+++ RECORD EXTRACTS +++
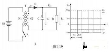 圖1-19-a是反激式變壓器開關(guān)電源的簡(jiǎn)單工作原理圖,圖1-19-a中,Ui是開關(guān)電源的輸入電壓,T是開關(guān)變壓器,K是控制開關(guān),C是儲(chǔ)能濾波電容,R是負(fù)載電阻。圖1-19-b是反激式變壓器開關(guān)電源的電壓輸出波形。
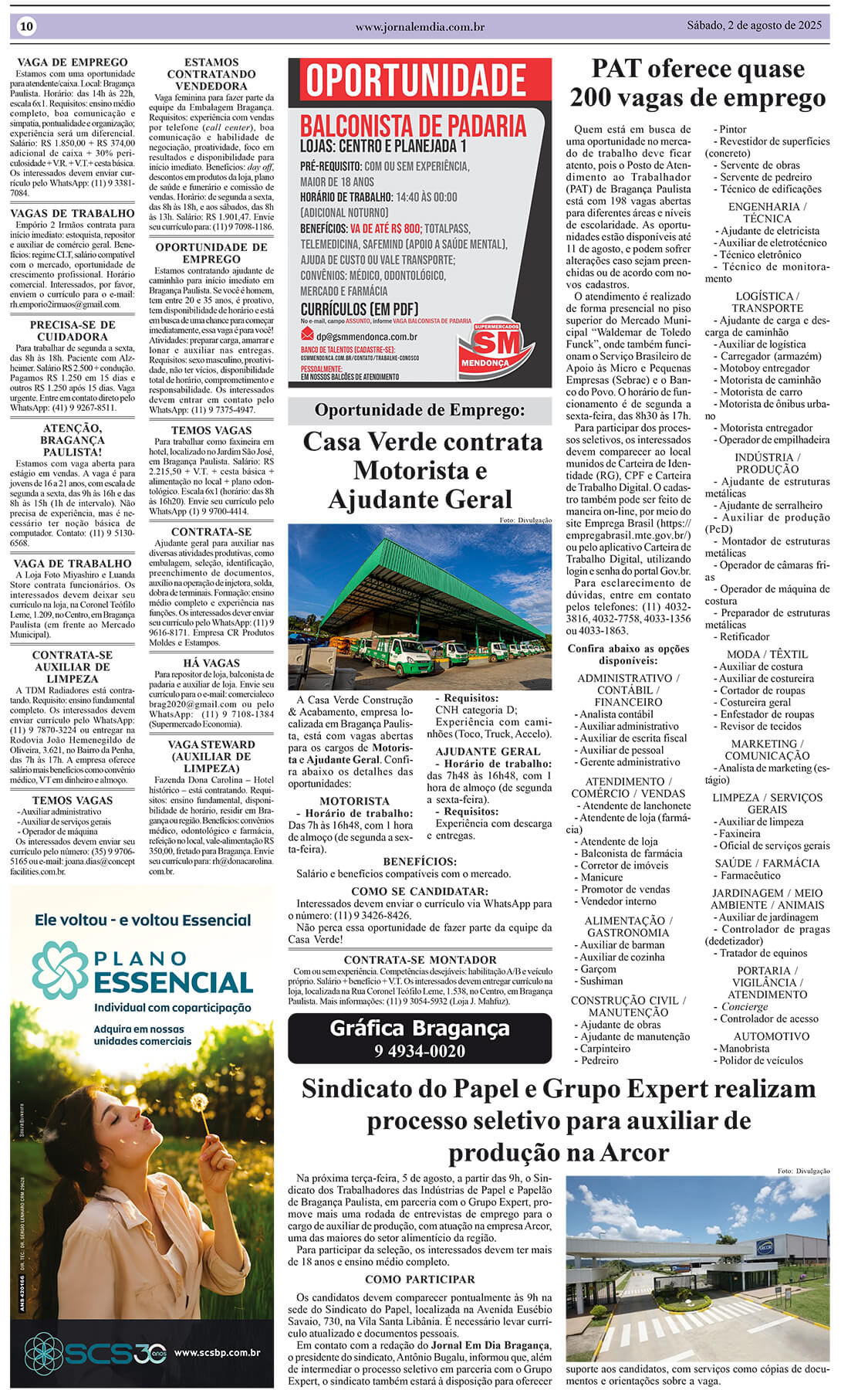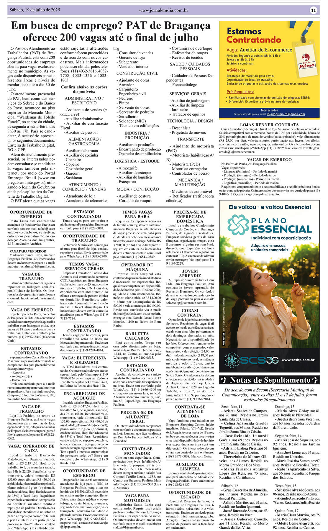 O Posto de Atendimento ao Trabalhador (PAT) de Bragança Paulista está com 200 oportunidades de emprego abertas para vagas exclusivamente no município. As chances estão disponíveis para diferentes áreas e níveis de escolaridade, e o atendimento ao público segue até o dia 30 de julho. O PAT funciona no piso superior do Mercado Municipal Waldemar […]
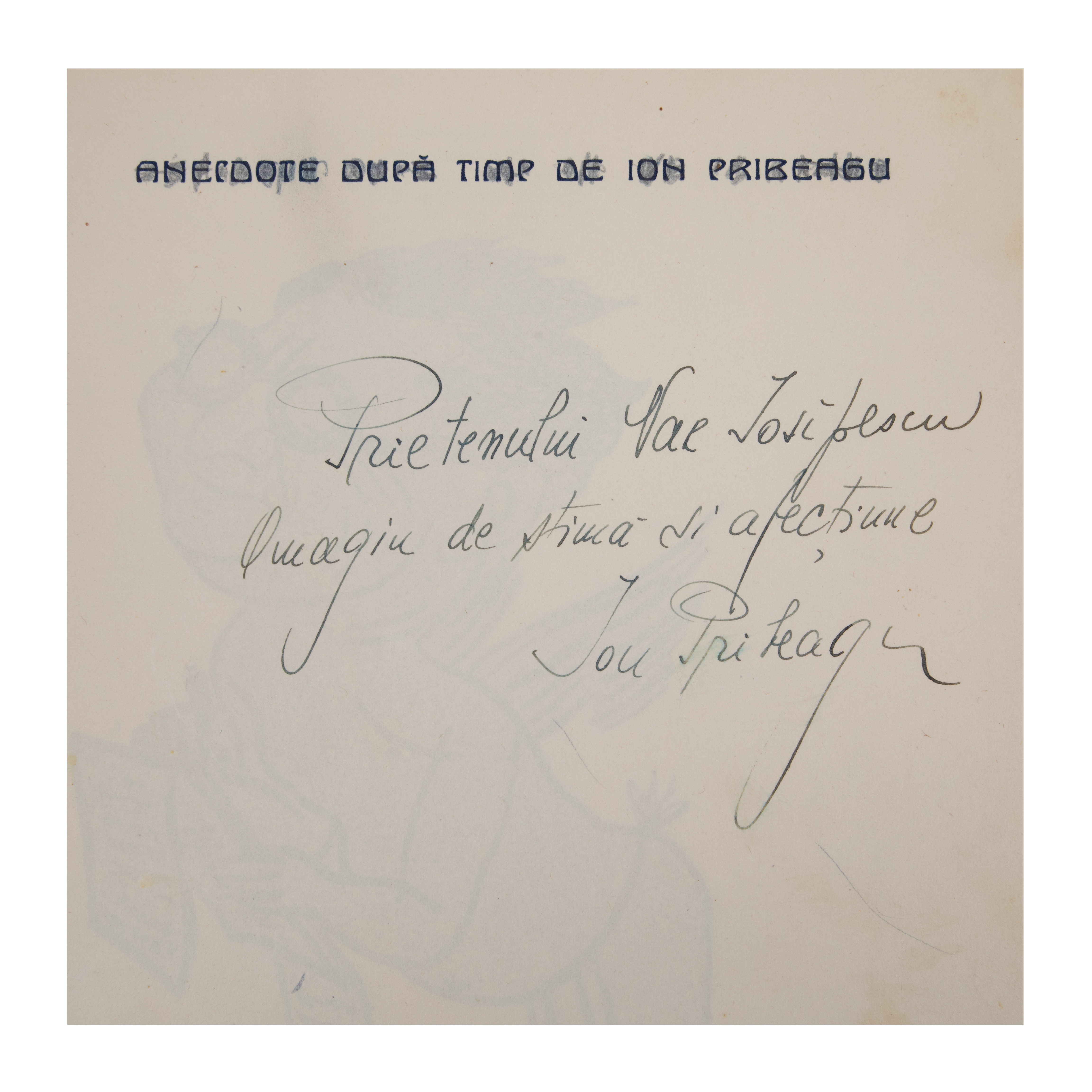 23. ”Anecdote după timp”, de Ion Pribeagu, București, 1939, cu dedicația și semnătura olografă a autorului
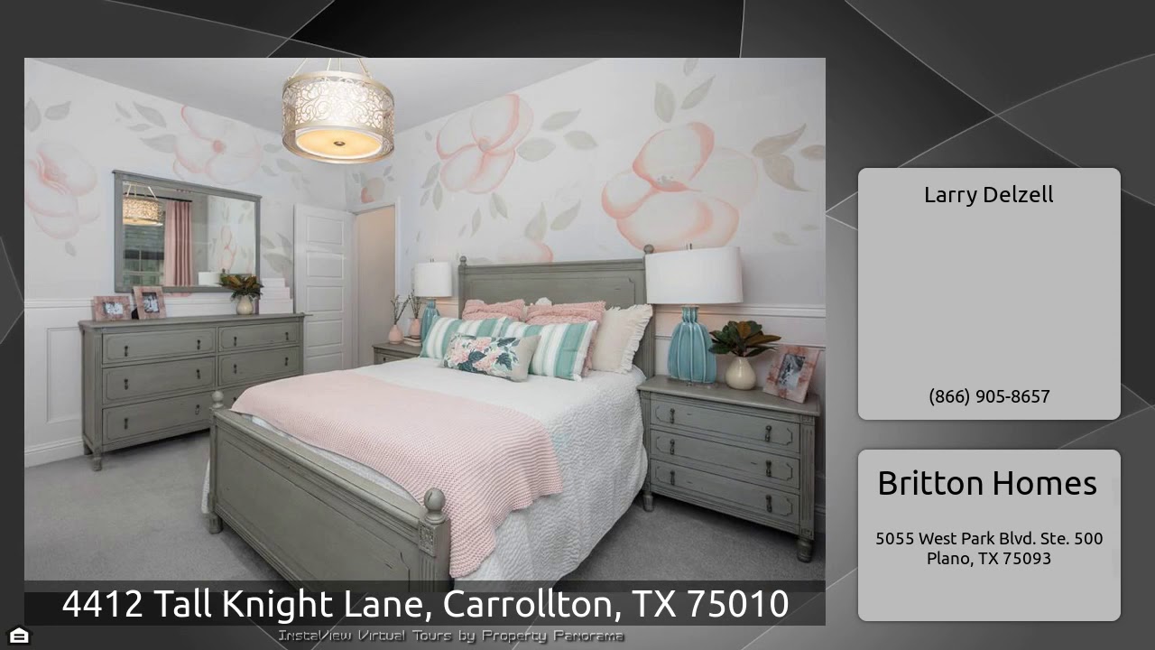 The Virtual Tour for the property at 4412 Tall Knight Lane, Carrollton, TX 75010 listed for $799,900: Other homes for sale by Larry Delzell of Britton Homes: BRITTON HOMES FORMER MODEL! Library with French doors off the two-story entry. Kitchen features 5-burner gas cooktop, double wall ovens, a large pantry and an island. Dining area leads to open family room with a wood mantel fireplace and three large windows. Master suite with three large windows. Double doors lead to master bath with dual vanities, garden tub, a separate glass enclosed shower and two large walk-in closets. Second floor …
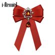 i-Remiel Fashion Red Rabbon Bow Brooch Rhinestone Crystal Fabric Cloth Art Luxury Wedding Dress Pins And Brooches Gift For Women
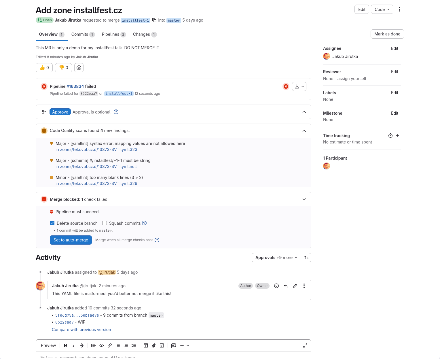 - Requires some elementary knowledge of git, GitLab, YAML, text editing.
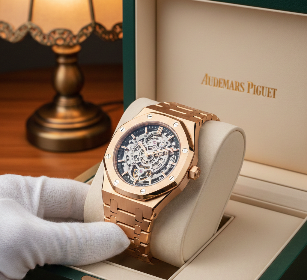 This design features a luxury skeletonized sports watch , characterized by its iconic octagonal bezel secured by eight hexagonal screws. The "openworked" dial eliminates a traditional face to showcase the intricate mechanical movement and gears within, creating a high-tech, architectural aesthetic. Its signature integrated bracelet flows seamlessly from the case, utilizing a mix of brushed and polished finishes to emphasize the bold, geometric silhouette.
+++
## WORK REQUEST
Give back exactly the lines from the one with "The Virtual Tour" through the end of the records above, inclusive, and omit any pictures.

## TASK RESPONSE
 The Virtual Tour for the property at 4412 Tall Knight Lane, Carrollton, TX 75010 listed for $799,900: Other homes for sale by Larry Delzell of Britton Homes: BRITTON HOMES FORMER MODEL! Library with French doors off the two-story entry. Kitchen features 5-burner gas cooktop, double wall ovens, a large pantry and an island. Dining area leads to open family room with a wood mantel fireplace and three large windows. Master suite with three large windows. Double doors lead to master bath with dual vanities, garden tub, a separate glass enclosed shower and two large walk-in closets. Second floor …
 i-Remiel Fashion Red Rabbon Bow Brooch Rhinestone Crystal Fabric Cloth Art Luxury Wedding Dress Pins And Brooches Gift For Women
 - Requires some elementary knowledge of git, GitLab, YAML, text editing.
 This design features a luxury skeletonized sports watch , characterized by its iconic octagonal bezel secured by eight hexagonal screws. The "openworked" dial eliminates a traditional face to showcase the intricate mechanical movement and gears within, creating a high-tech, architectural aesthetic. Its signature integrated bracelet flows seamlessly from the case, utilizing a mix of brushed and polished finishes to emphasize the bold, geometric silhouette.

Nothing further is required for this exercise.